(Beginning of LISTED RECORDS)

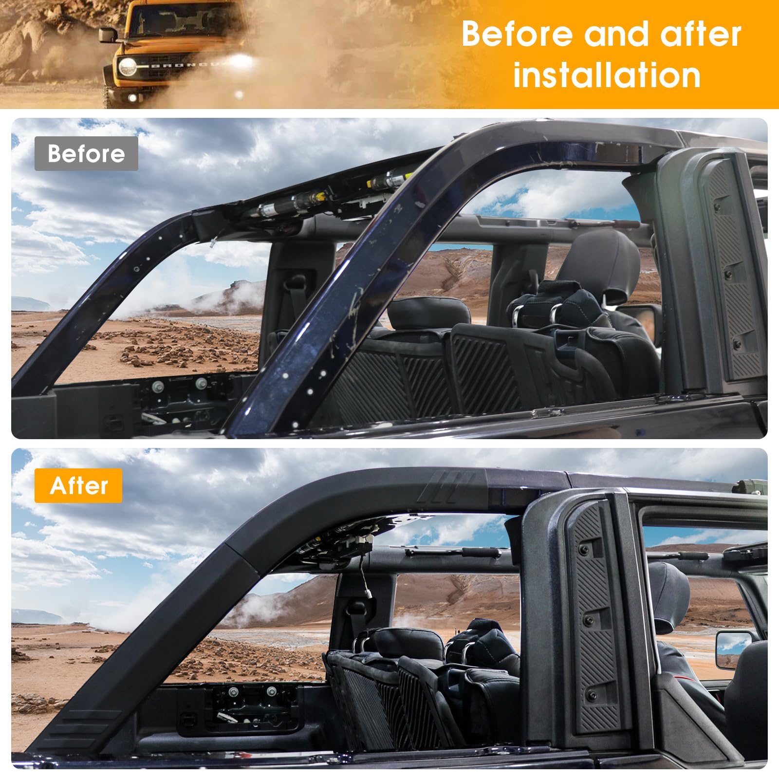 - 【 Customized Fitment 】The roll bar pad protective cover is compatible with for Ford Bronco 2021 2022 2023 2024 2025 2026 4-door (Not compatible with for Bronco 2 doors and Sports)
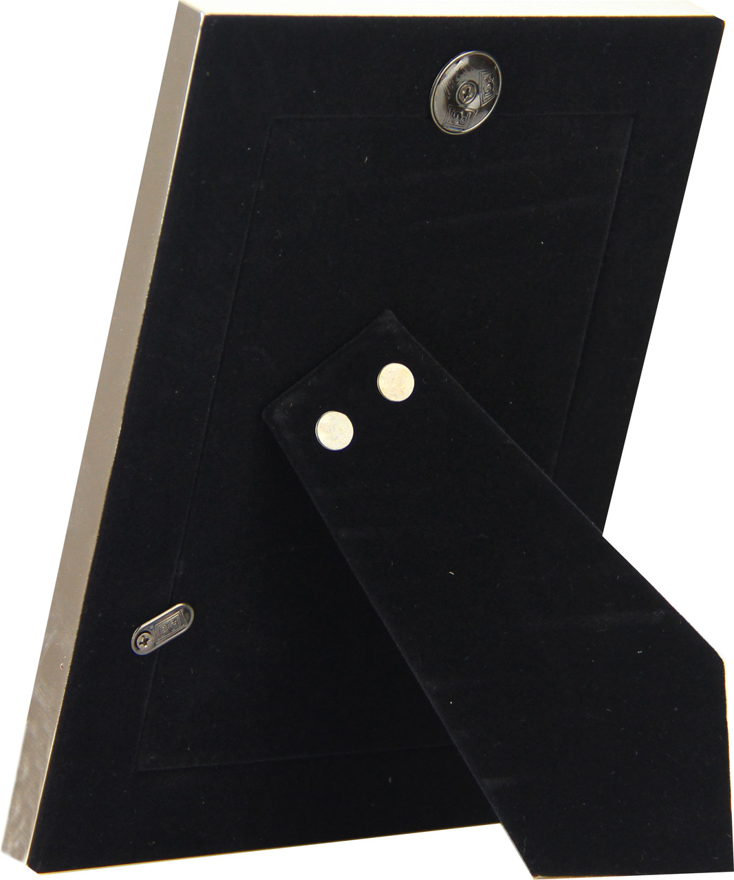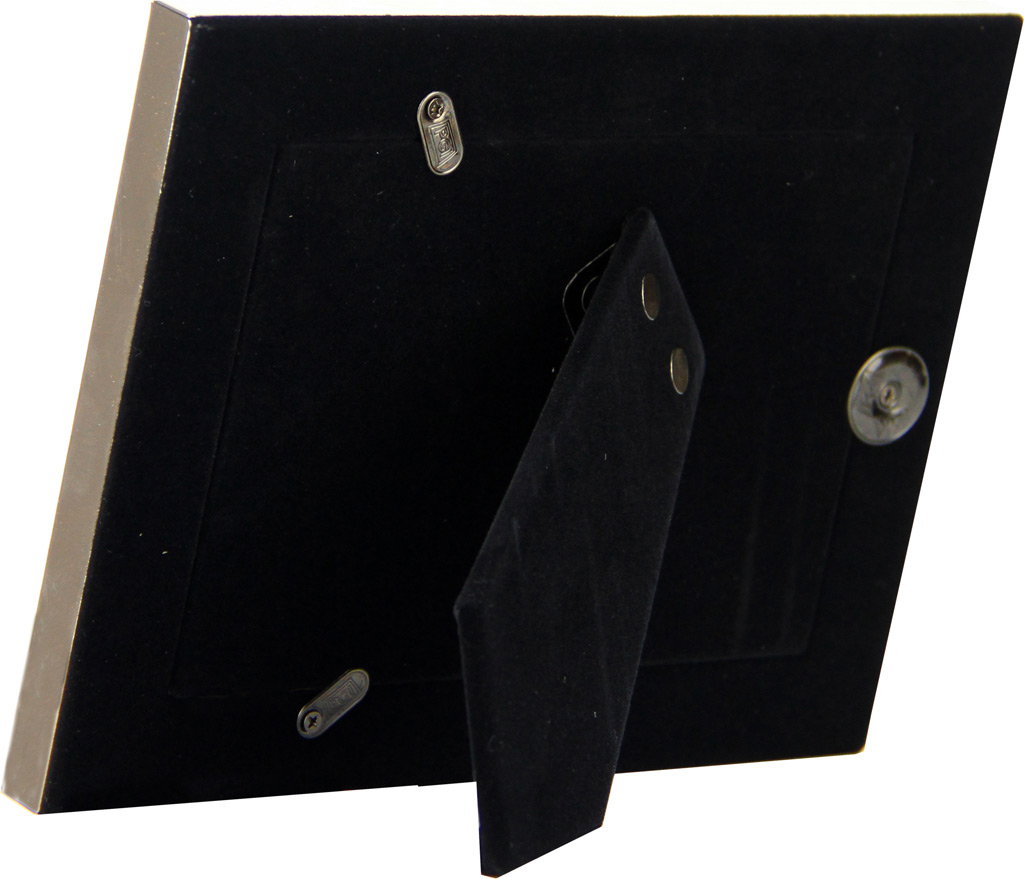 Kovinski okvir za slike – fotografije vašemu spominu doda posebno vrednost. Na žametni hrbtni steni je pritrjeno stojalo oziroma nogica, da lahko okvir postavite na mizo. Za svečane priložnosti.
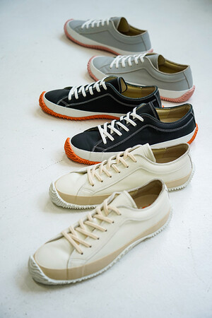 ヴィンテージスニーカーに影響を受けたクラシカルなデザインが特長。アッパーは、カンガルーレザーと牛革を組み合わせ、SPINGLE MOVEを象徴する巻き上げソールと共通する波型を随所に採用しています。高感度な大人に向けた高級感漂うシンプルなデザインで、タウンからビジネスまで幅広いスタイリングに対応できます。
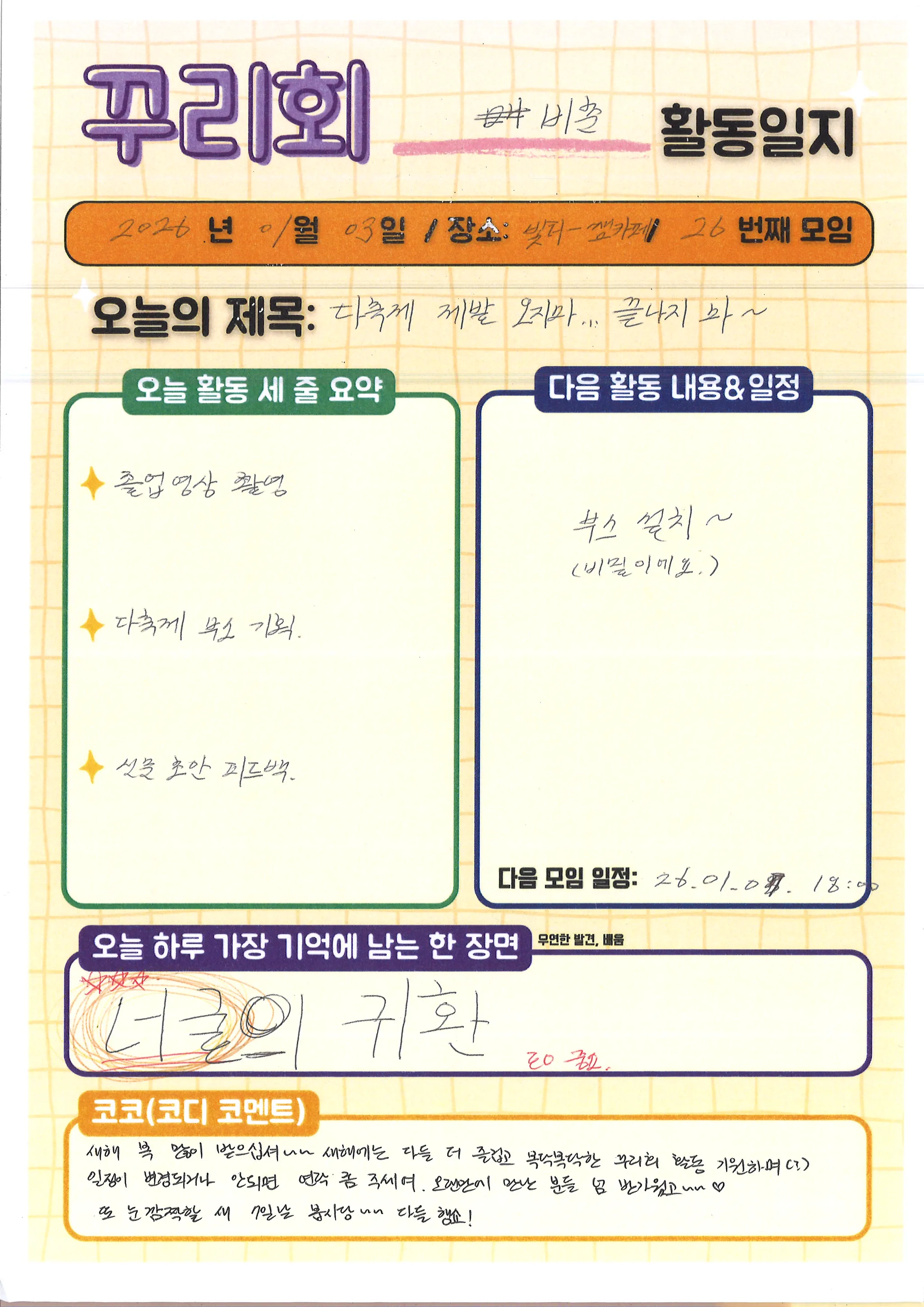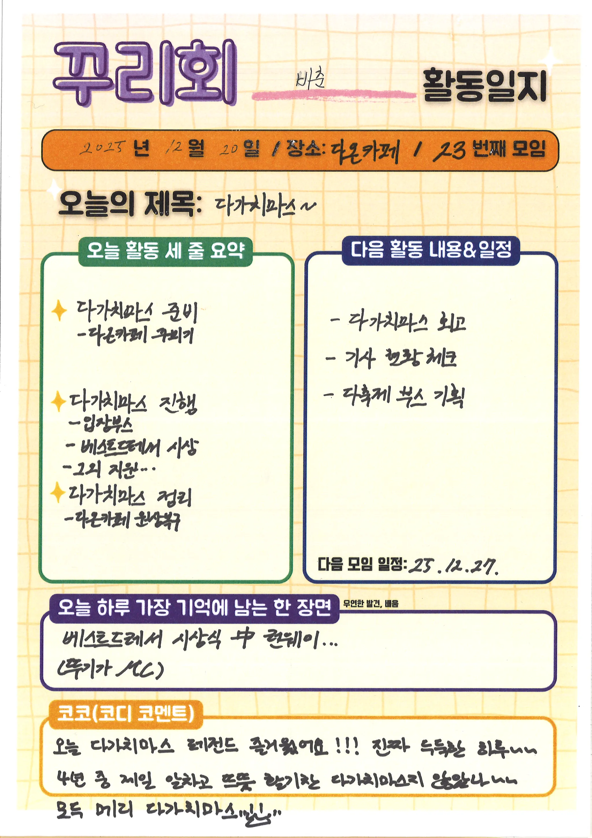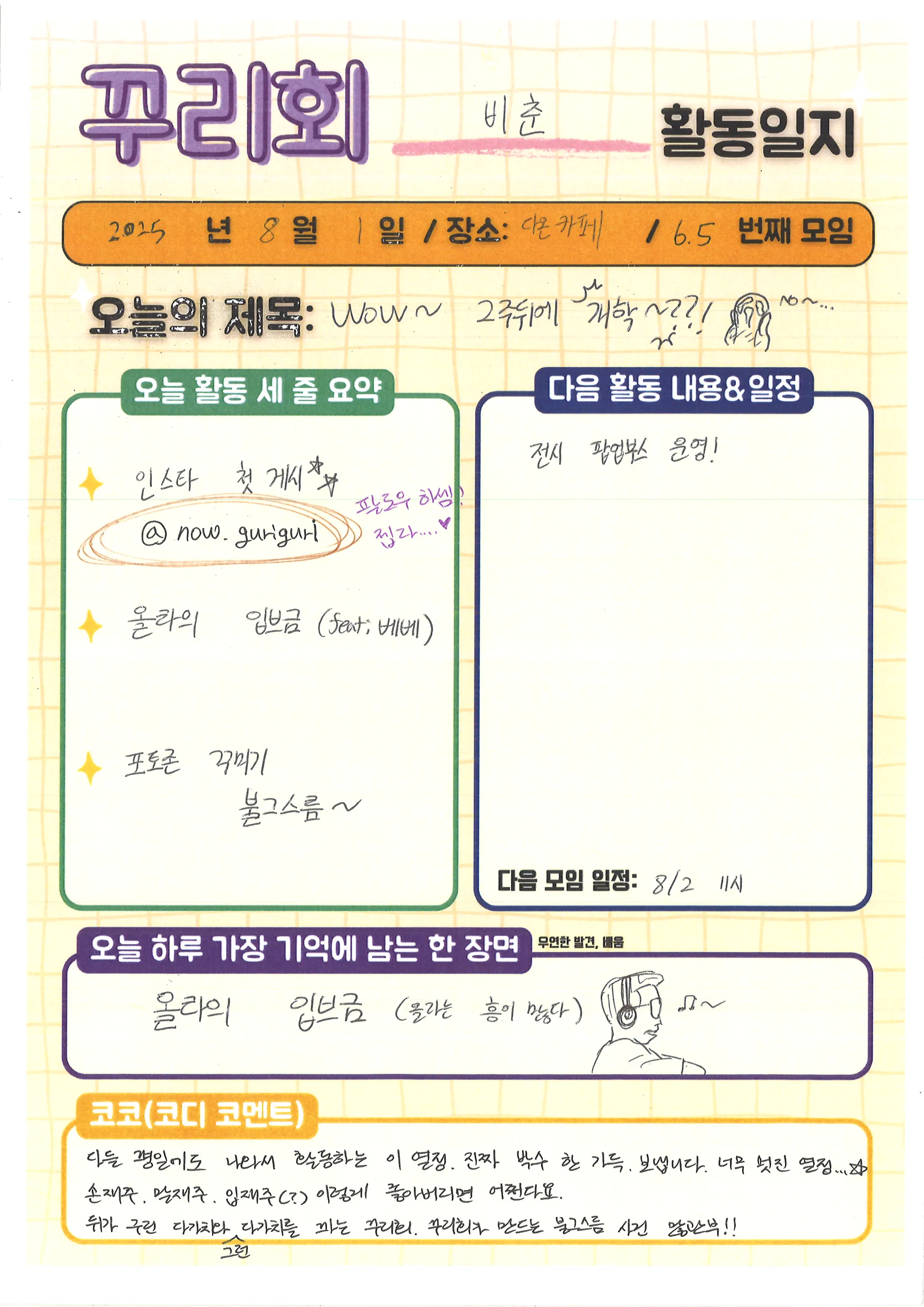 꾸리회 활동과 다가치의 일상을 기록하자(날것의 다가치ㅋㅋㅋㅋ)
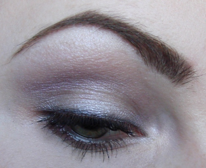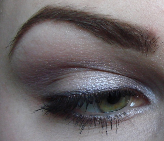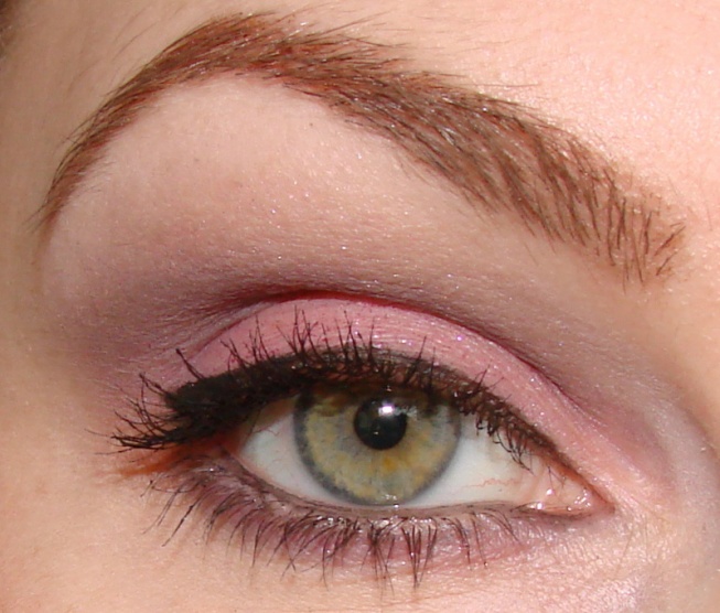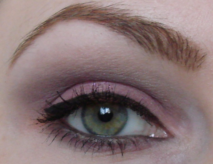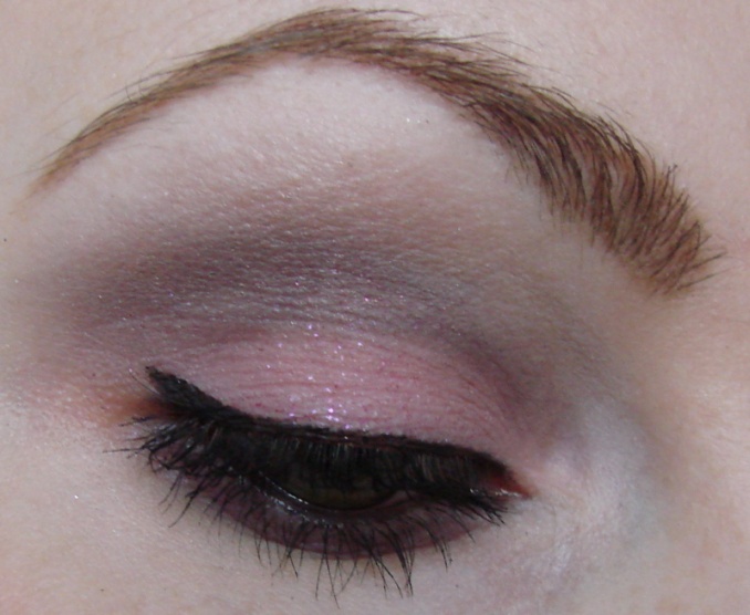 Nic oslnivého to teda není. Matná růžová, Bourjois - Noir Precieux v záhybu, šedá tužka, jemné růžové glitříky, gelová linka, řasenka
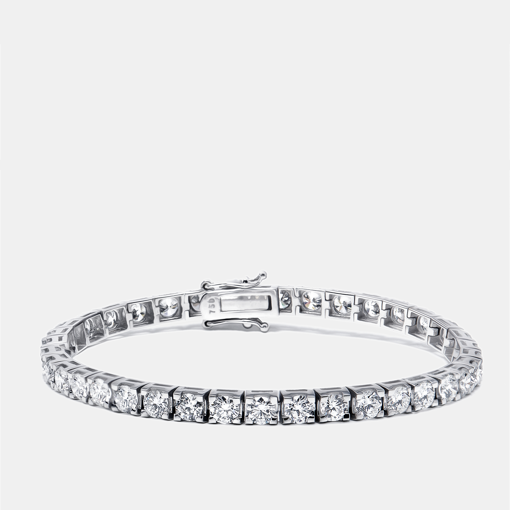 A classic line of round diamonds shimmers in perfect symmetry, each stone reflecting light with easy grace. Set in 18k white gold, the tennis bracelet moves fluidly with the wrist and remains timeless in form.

(End of LISTED RECORDS)

**TASK DIRECTIONS:** Write out exactly, and only, the lines running from the line with "꾸리회 활동과 다가치의 일상을 기록하자(날것의 다가치ㅋㅋㅋㅋ)" to the last line above, both included, with all pictures omitted.

**SOLUTION TO THIS EXERCISE:**
 꾸리회 활동과 다가치의 일상을 기록하자(날것의 다가치ㅋㅋㅋㅋ)
 Nic oslnivého to teda není. Matná růžová, Bourjois - Noir Precieux v záhybu, šedá tužka, jemné růžové glitříky, gelová linka, řasenka
 A classic line of round diamonds shimmers in perfect symmetry, each stone reflecting light with easy grace. Set in 18k white gold, the tennis bracelet moves fluidly with the wrist and remains timeless in form.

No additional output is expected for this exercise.